[Opening Given data section]

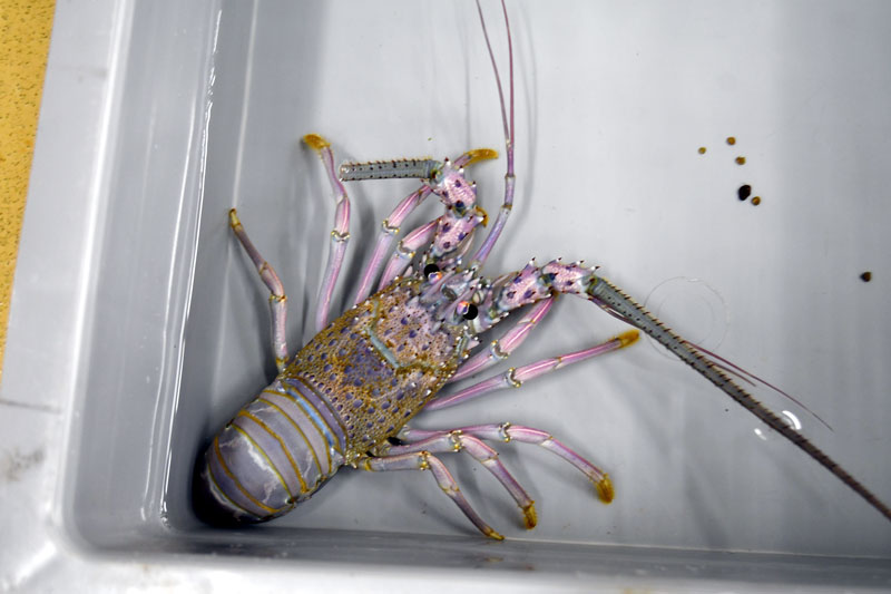大原港では、珍しい「白いイセエビ」に続き、今度は同じく珍しい「青いイセエビ」が水揚げされました。普段は赤が当たり前の世界に、不意に現れる白や青。どちらもめったにお目にかかれない存在であり、海の神秘を感じさせます。次はどんな色が現れるのか――想像するだけで胸が高鳴ります。
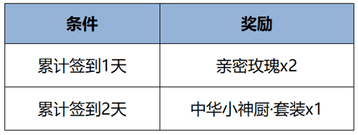 活动期间累计签到送中华小神厨套装、亲密度道具好礼!
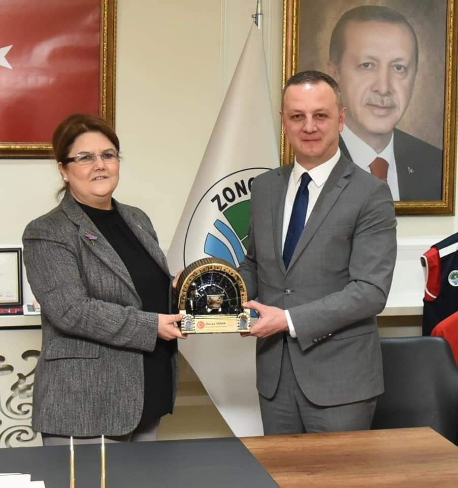 Aile ve Sosyal Hizmetler Bakanı Derya Yanık esnaf ziyareti sonrasında Vali Mustafa Tutulmaz ile birlikte Zonguldak Belediye Başkanlığını ziyaret etti, Belediye Başkanı Ömer Selim Alan’dan çalışmalar konusunda bilgi aldı.
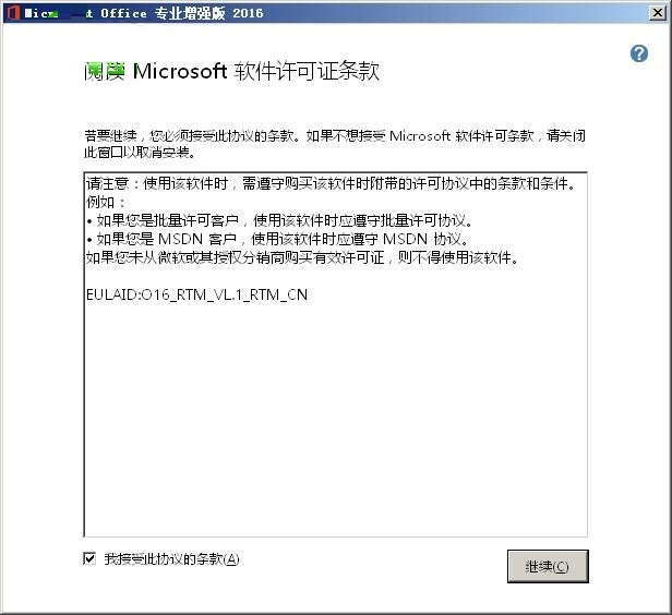 2、安装程序正在准备文件,然后就会出现office2016的协议了,选择我接受此协议的条款
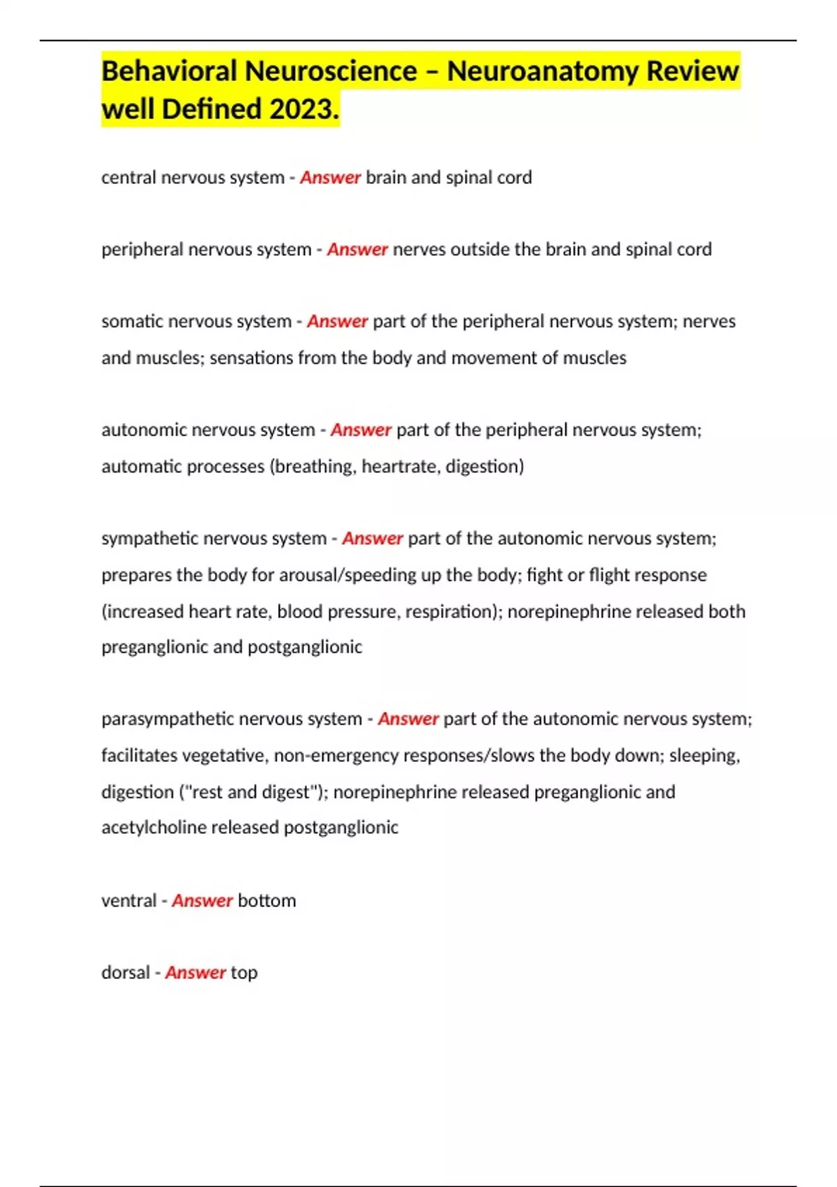 Behavioral Neuroscience – Neuroanatomy Review

[Closing Given data section]

_Task item:_ Please retype the lines from the one that contains "活动期间累计签到送中华小神厨套装、亲密度道具好礼!" through the final line of the data, both included, without any pictures.

_Exercise answer:_
 活动期间累计签到送中华小神厨套装、亲密度道具好礼!
 Aile ve Sosyal Hizmetler Bakanı Derya Yanık esnaf ziyareti sonrasında Vali Mustafa Tutulmaz ile birlikte Zonguldak Belediye Başkanlığını ziyaret etti, Belediye Başkanı Ömer Selim Alan’dan çalışmalar konusunda bilgi aldı.
 2、安装程序正在准备文件,然后就会出现office2016的协议了,选择我接受此协议的条款
 Behavioral Neuroscience – Neuroanatomy Review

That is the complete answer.